As you follow the winding road from Pafos to the resort city of Polis on the Northwestern coast of the Mediterranean island of Cyprus, keep your eyes open for something a bit out of the ordinary, when approaching the village of Stroumbi. A quaint figure in bas-relief, decked with vine garlands, extends visitors a cup of wine from a welcome sign at the edge of town, while other multi-layered murals further along the highway display delightful vistas of village life and vineyards, peopled with saints and mythological figures.
They are the work of Resident Artist Charalambos Epaminonda, who also writes and illustrates children’s books and takes on icon commissions, building a little jewel of a Greek Orthodox chapel in his spare time on a hill above his home, a dwelling place every bit as whimsical as the fantastic Byzantine structures in his drawings. Amid all these varied artistic activities, Charalambos remains calm and centered, a man at peace with himself, and a paradigm of a spiritually-centered artist, indifferent to commercial success or critical acclaim.
Compared with much traditional Orthodox iconography, the work of Epaminonda exudes warmth and humanity, revitalizing old pattern-book imagery in visually exciting ways. Just the added touch of a floral pattern to the red background of his Virgin of the Sign underscores the maternal, caring side of this grieving Mary, who offers up her dying son to the World. His Christ Made Without Hands is actually painted on a woven cloth, suggesting the towel on which Christ left an imprint of his face to heal the ailing King of Edessa, according to the traditional Eastern Orthodox story of how this miraculous image came into being.
A longtime friend of the Collection, Epaminonda took on the commission of creating an iconographic triptych based of three "parables of mercy" from the Gospel of Luke, the Prodigal Son, the Sower and the Seed, and the Good Samaritan. The trio of separate paintings are united in composition and color palette with Christ depicted in the center panel, scattering the good seed of the Gospel. Trained in both art and theology, the normally reticent artist spoke eloquently of what holds the triptych together--the notion of epistrophi, a Greek word, meaning “coming back,” “returning,” and in its New Testament variant, “conversion.”
Not only are humans reconciled one with another in these wonderful images, but the whole created order, animate and inanimate, vibrates with divine energy. The schema is repeated in the painting, Madonna of the Woods. Like shifting shapes in a kaleidoscopic picture puzzle, the central figures of the Virgin Mary and the Baby Jesus are almost indistinguishable from the fragmented, multi-colored background with fish and bird in wind-stirred forest and flowing water, reflecting the artist’s concept of “Deep Incarnation,” the belief that God brought redemption not only to humanity but all of creation.

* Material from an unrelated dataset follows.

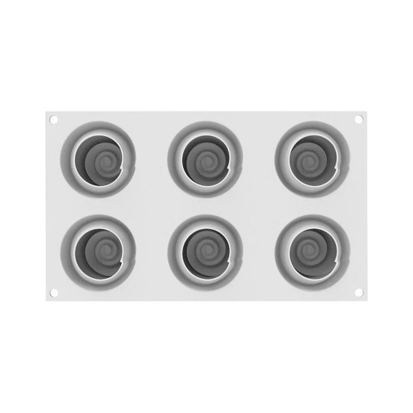 Силіконова форма GIVRE 90 Silikomart дає змогу створювати оригінальні вишукані однопорційні десерти, а об'єми кожної лунки дають змогу отримати їх одразу 6 штук. Ця форма ідеально підходить для створення оригінальних кондитерських виробів: елегантних мусів і парфе, надаючи кондитерам можливість реалізувати найсміливіші творчі задуми. Десерт з форми GIVRE 90 Silikomart можна використовувати як комбінацію з порціями GIVRE 30. Розроблено спільно з Майклом Барточетті.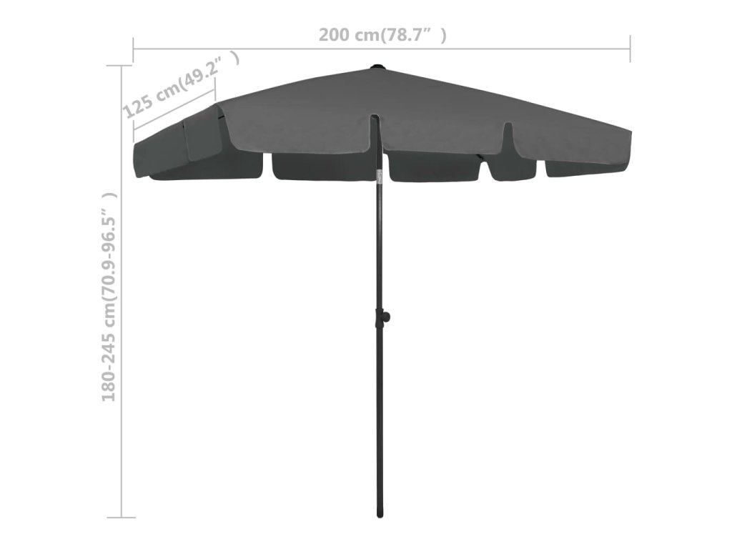 - Plocha slnečníka: 200 x 125 cm (D x Š)

Epaminonda's artistic innovations have not always been welcome in conservative Cypriot church circles. To give the artist a free hand to develop his new style, the Collection launched him in 2016 on a multi-year project to create a cycle of contemporary icons on the Life of Christ. The first completed work in the series, depicting the Agony in the Garden, challenges the iconographic convention of presenting holy figures in static poses against symbolic landscapes in a dynamic scene formed from cubistic shards of color. While events unfold in human history, the surrounding world of nature bends and sways in anguish over the ordeal of Christ. It is a promising glimpse of things to come.